The next time someone writes that they will loose the project if whatever doesn’t get done I think I may scream.
I’ve only seen this in the last few years, at first very occasionally, now it seems commonplace. Not just in email, but in “professional” business correspondence; not just from the thirty-and-down crowd, but more and more often from the forty-and-up crowd.
Arrrgggghhhhh. Am I truly a voice in the wilderness? Does no one else notice? Is it now a case of use it or loose it? Are most people loosing their minds while I am losing mine?
OK, rant over. Now for the ditty—and please feel free to sing along…
Eye halve a spelling chequer
It came with my pea sea
It plainly marques four my revue
Miss steaks eye kin knot sea.
Eye strike a key and type a word
And weight four it two say
Weather eye am wrong oar write
It shows me strait a weigh.
As soon as a mist ache is maid
It nose bee fore two long
And eye can put the error rite
Its rare lea ever wrong.
Eye have run this poem threw it
I am shore your pleased two no
Its letter perfect awl the weigh
My chequer tolled me sew.
Have a wonderful weekend, and try not to loose anything if you’re traveling.
Thursday, February 15th, 2007
I find culture within the corporate world is fascinating.

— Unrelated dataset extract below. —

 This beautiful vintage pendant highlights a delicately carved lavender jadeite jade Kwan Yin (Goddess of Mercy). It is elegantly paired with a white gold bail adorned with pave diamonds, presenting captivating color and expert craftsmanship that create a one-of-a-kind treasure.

The following three wildly divergent stories illustrate the importance and impact of culture.
The doings of private equity firms are a major news staple today.
What do you do when you’re one of the biggest, baddest firms, “tagged in the popular imagination with warmongering, treason, and acting as cold-eyed architects of government conspiracies,” and you want to radically change not just public perception, but the actual business of the firm?

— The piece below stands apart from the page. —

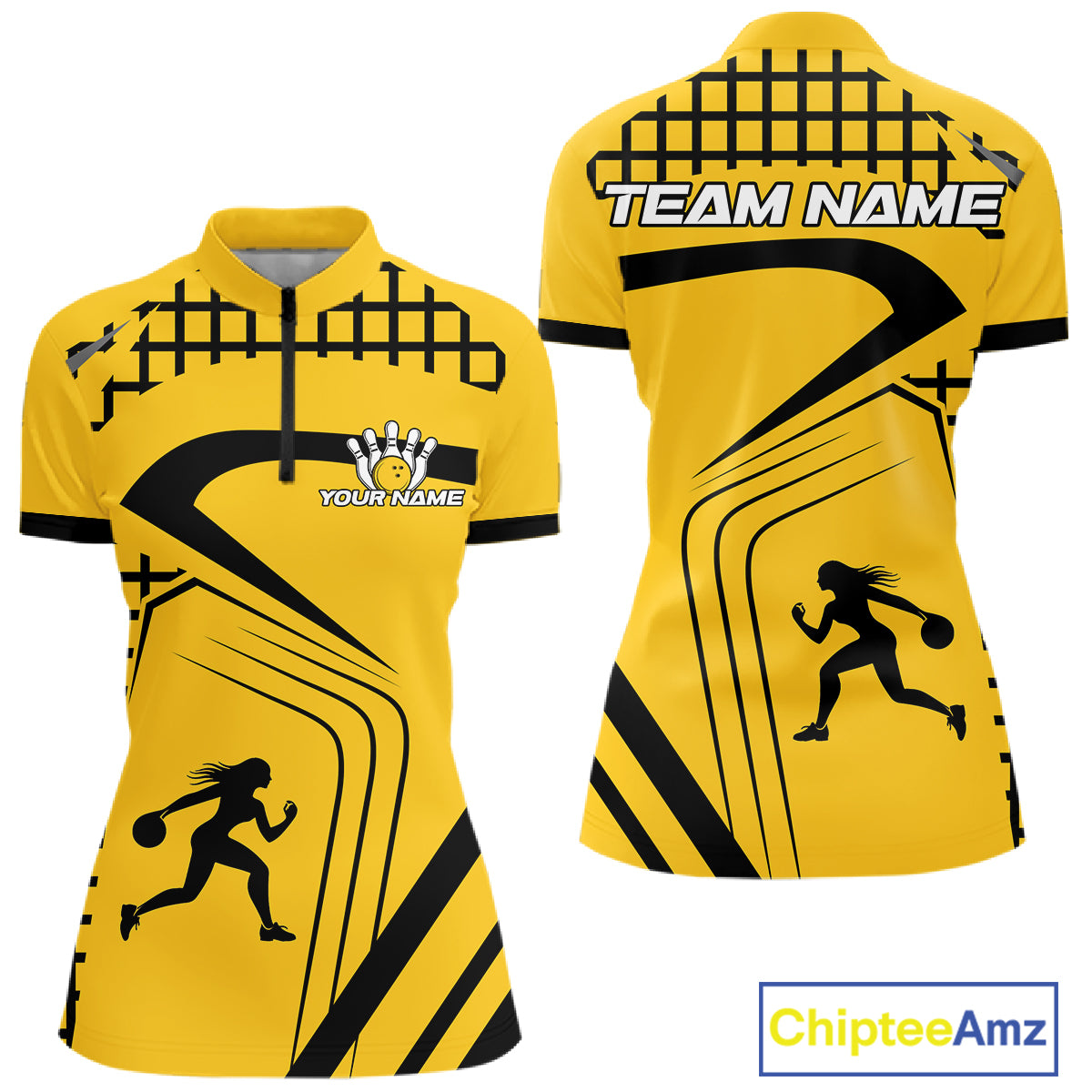 Custom Black and Yellow Bowling Shirts For Women, Personalized Team Bowling Jersey Bowler Outfit NQS10575

If your name’s Carlyle you start by momentous changes at the very top. “The founders asked members of the bin Laden family to take back their money. They sat down with George H.W. Bush and John Major and discussed, improbable though it might seem, how the two were no longer wanted as senior advisers because they hurt the firm’s image. Out went former Reagan Defense Secretary Frank C. Carlucci as chairman. In came highly regarded former chairman and CEO of IBM (IBM ), Louis V. Gerstner Jr., along with former Securities & Exchange Commission Chairman Arthur Levitt, former General Electric (GE ) Vice-Chairman David Calhoun, and former Time Inc. (TWX ) Editor-in-Chief Norman Pearlstine, among others, to underscore Carlyle’s commitment to portfolio diversification and upright corporate citizenship.” You then go on to do things that “might come to redefine the very nature of private equity.”
But the second part could never have happened without that total change in culture.

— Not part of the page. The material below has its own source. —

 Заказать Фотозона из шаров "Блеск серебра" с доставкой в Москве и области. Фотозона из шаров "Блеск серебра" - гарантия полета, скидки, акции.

Labor and buy-out firms are typically anathema, but they don’t have to be if you let go of greed and share the spoils. Hard to believe?
It worked for Onex at Spirit AeroSystems where they created a productivity culture based on real rewards for the risks taken.
There were some layoffs at the start, “But the new owners helped ease the pain by giving the remaining workers $246 million in cash and stock options. The money was a reward for helping the company…cut costs and pull off a successful initial public offering. “I can’t tell you what a thrill it is to give our organized workforce nearly $250 million,” says Seth M. Mersky, an Onex managing director.”
The turnaround and successful IPO couldn’t have happened without the cultural shift.
And finally, a high profile, not-so-happy example of the impact of culture.
Julie Roehm’s explosive departure from Wal-Mart last December made business headlines and will probably continue in the news.
It was considered an odd match from the start, “…a cautionary tale of what happens when a self-described change agent goes to work for a company that needs to reinvent itself but can’t.”
In discussing what lessons she has learned, Roehm says, “The importance of culture. It can’t be underestimated.”
Culture is a living, multifaceted animal and needs to be cared for on all levels if you want to keep its multiple parts uniform, or, at the very least, synergistic.
- The publicly stated culture of the company.
- The culture actively fostered by the CEO and top management.
- The covert culture that may exist because it is ignored or, worse, fantasized away.
- The cultural fit of managers, employees and candidates.
In short, take care to know and cherish your culture and it will take care of you.